Au début de son livre Laisser être et rendre puissant (2023), Tristan Garcia demande : « Qu’est-ce qu’il y a ? » Autrement dit, de quelles choses se compose notre monde commun ? Il observe qu’il n’existe aucun consensus, pas même sur la nature du désaccord. Nous vivons un moment où nos expériences du monde n’ont jamais été si variées. Notre situation collective est celle d’un « nous » hétérogène, fragmenté et multiple. Nos modes d’existence sont faits d’une pluralité de manières d’être, d’identités, de volontés et d’intérêts qui façonnent les représentations que nous nous faisons de nous-mêmes. Nos totalités ne se recoupent jamais et nous ne décrivons jamais exactement le même monde. Des choses existent intensément pour certaines et certains, et sont ignorées ou niées par d’autres. À partir de ce constat, Tristan Garcia propose l’ontologie la plus accueillante possible. Cette idée a inspiré l’invention de notre religion fictive, qui s’efforce de donner un droit de cité à toute chose sur un strict plan d’équivalence.
Cela a-t-il aussi à voir avec la disparité des sollicitations auxquelles nous sommes confrontés ?

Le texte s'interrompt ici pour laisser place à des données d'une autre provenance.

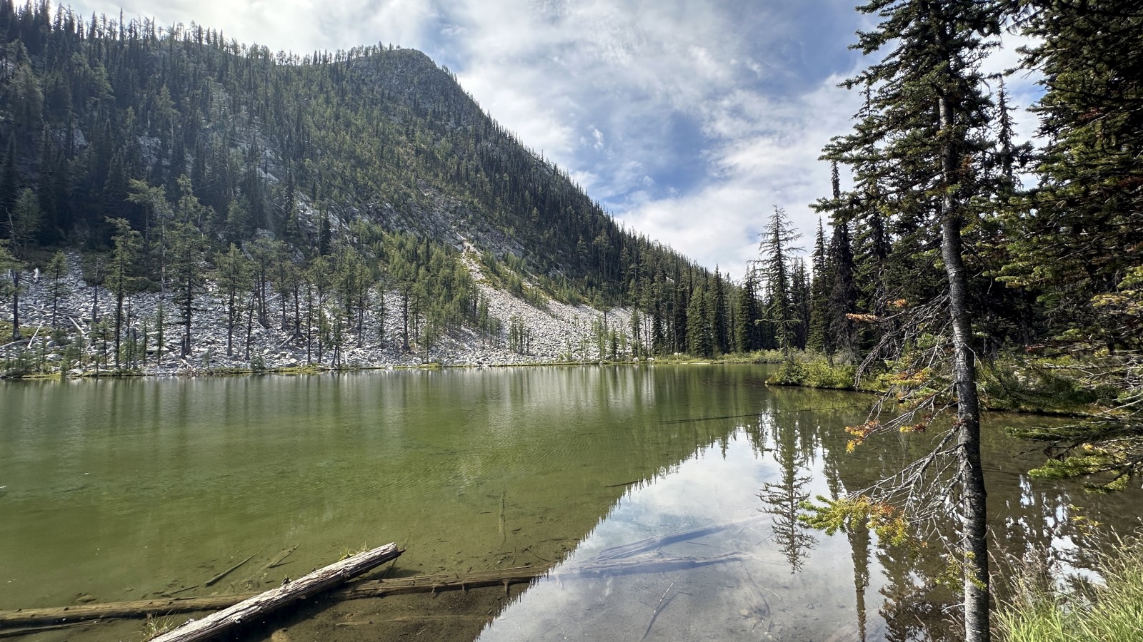 The next day we inched down the eastern slope. Rough rocks, tight switchbacks, not many pull-outs. Mary’s Lake looked promising until we realized it was a provincial park packed with Labor Day campers. We tried a spot outside the park, but Starlink was blocked by trees. Nope. Backtracked a mile, turned down another side road, and scored a quiet patch all to ourselves.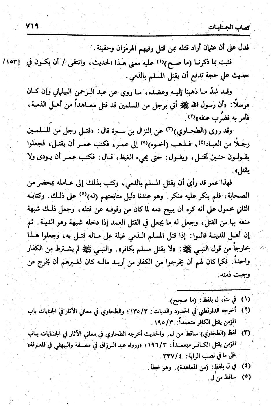 فَهَذَا عمر قد رأى أَن يقتل الْمُسلم بالذمي، وَكتب بذلك إِلَى عَامله بِمحضر من الصَّحَابَة، فَلم يُنكر عَلَيْهِ مُنكر. وَهُوَ عندنَا دَلِيل متابعتهم (لَهُ) على ذَلِك. وَكتابه الثَّانِي مَحْمُول على أَنه كره أَن يُبِيح دَمه لما كَانَ من وُقُوفه عَن قَتله، وَجعل ذَلِك شُبْهَة مَنعه بهَا من الْقَتْل، وَجعل لَهُ مَا يَجْعَل فِي الْقَتْل الْعمد إِذا دخله شُبْهَة وَهُوَ الدِّيَة. ثمَّ إِن أهل الْمَدِينَة قَالُوا: إِذا قتل الْمُسلم الذِّمِّيّ غيلَة على مَاله قتل بِهِ، وَجعلُوا هَذَا خَارِجا من قَول النَّبِي [صلى الله عَلَيْهِ وَسلم] : " لَا يقتل مُسلم بِكَافِر ". وَالنَّبِيّ [صلى الله عَلَيْهِ وَسلم] لم يشْتَرط من الْكفَّار وَاحِدًا. فَكَمَا كَانَ لَهُم أَن يخرجُوا من الْكفَّار من أُرِيد مَاله كَانَ لغَيرهم أَن يخرج من وَجَبت ذمَّته.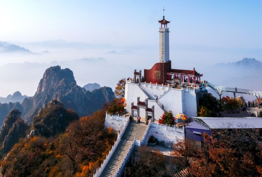 ▲這是狼牙山棋盤陀峰頂?shù)摹袄茄郎轿逵率考o(jì)念塔”(2017年10月27日攝,無人機(jī)照片)?!?span tag="ueditor-text-tushuo" class="imgdesc" style="text-indent: 2em; ">新華社發(fā)

Absolument. Nous sommes quotidiennement traversés par les flux d’informations les plus variés, on passe d’actualités tragiques àdes vidéos de chatons, de déclarations politiques au dernier son de Jul. Tout se juxtapose et s’entrechoque dans notre cerveau enun cut-up permanent auquel il s’est pourtant complètement habitué. Comment accueillir cette multiplicité sans l’uniformiser ? Je crois qu’il y a un enjeu particulier pour le théâtre à embrasser une telle pluralité ; à tenter de représenter le plus de réalités possibles, à créer des formes où toutes ces multiples dimensions pourraient cohabiter, dialoguer, être vécues ensemble en même temps — et même, peut-être, se composer dans une forme d'harmonie et de lisibilité.
Comment s’établit une telle cohabitation ?
La question qui se pose à nos adeptes fictifs, c’est : « OK, nous vivons chacun dans un monde particulier, mais quelles sont les choses qui composent notre monde commun ? » Leur méthode, cependant, ne va pas procéder par réduction ou soustraction, ils ne vont pas chercher le plus petit nombre de choses au croisement de tous les mondes (les choses réputées « universelles ») : ils vont au contraire miser sur la somme ou la multiplication de choses spécifiques et particulières. Comme si toutes les communautés mettaient pour ainsi dire leurs choses particulières au pot commun. Le pari, c’est de conserver la spécificité (certaines choses appartiennent bien à certains mondes) tout en créant un plan où toutes coexistent pour tout le monde (sans s’exclure les unes les autres). Pour ce faire, il faut suspendre les positions morales ou politiques, commencer par isoler chaque chose, la couper de son contexte, la libérer de ses rapports habituels. Il faut pratiquer un principe de disjonction qui enchaîne des éléments sans lien apparent et ainsi « conjurer le démon associatif ». Une fois séparées, on peut contempler ces choses et les célébrer sans jugement. Il s’agit de construire ensemble un plan où règnerait un strict principe d’égalité, une sorte de démocratie totale de toutes les choses. Cela implique de renoncer à une forme de sens critique, de descendre en dessous du plan des choses pour les considérer dans leur simple présence.
Mais que faire des dissensions politiques ?
C’est toute la question. Cette religion fictive propose un espace irénique, complètement apaisé, où l’on se rassemble le temps d’une cérémonie pour suspendre notre jugement. Mais on ne prétend pas faire disparaître les oppositions qui animent la société. C’est plutôt un pari : après la célébration, peut-être regardera-t-on ces conflits différemment. Sans résoudre magiquement les divergences, il s’agit de les replacer dans un monde plus vaste, où chaque chose a sa place et où, malgré tout, nous pouvons faire communauté.
Propos recueillis par Tony Abdo-Hanna, février 2025.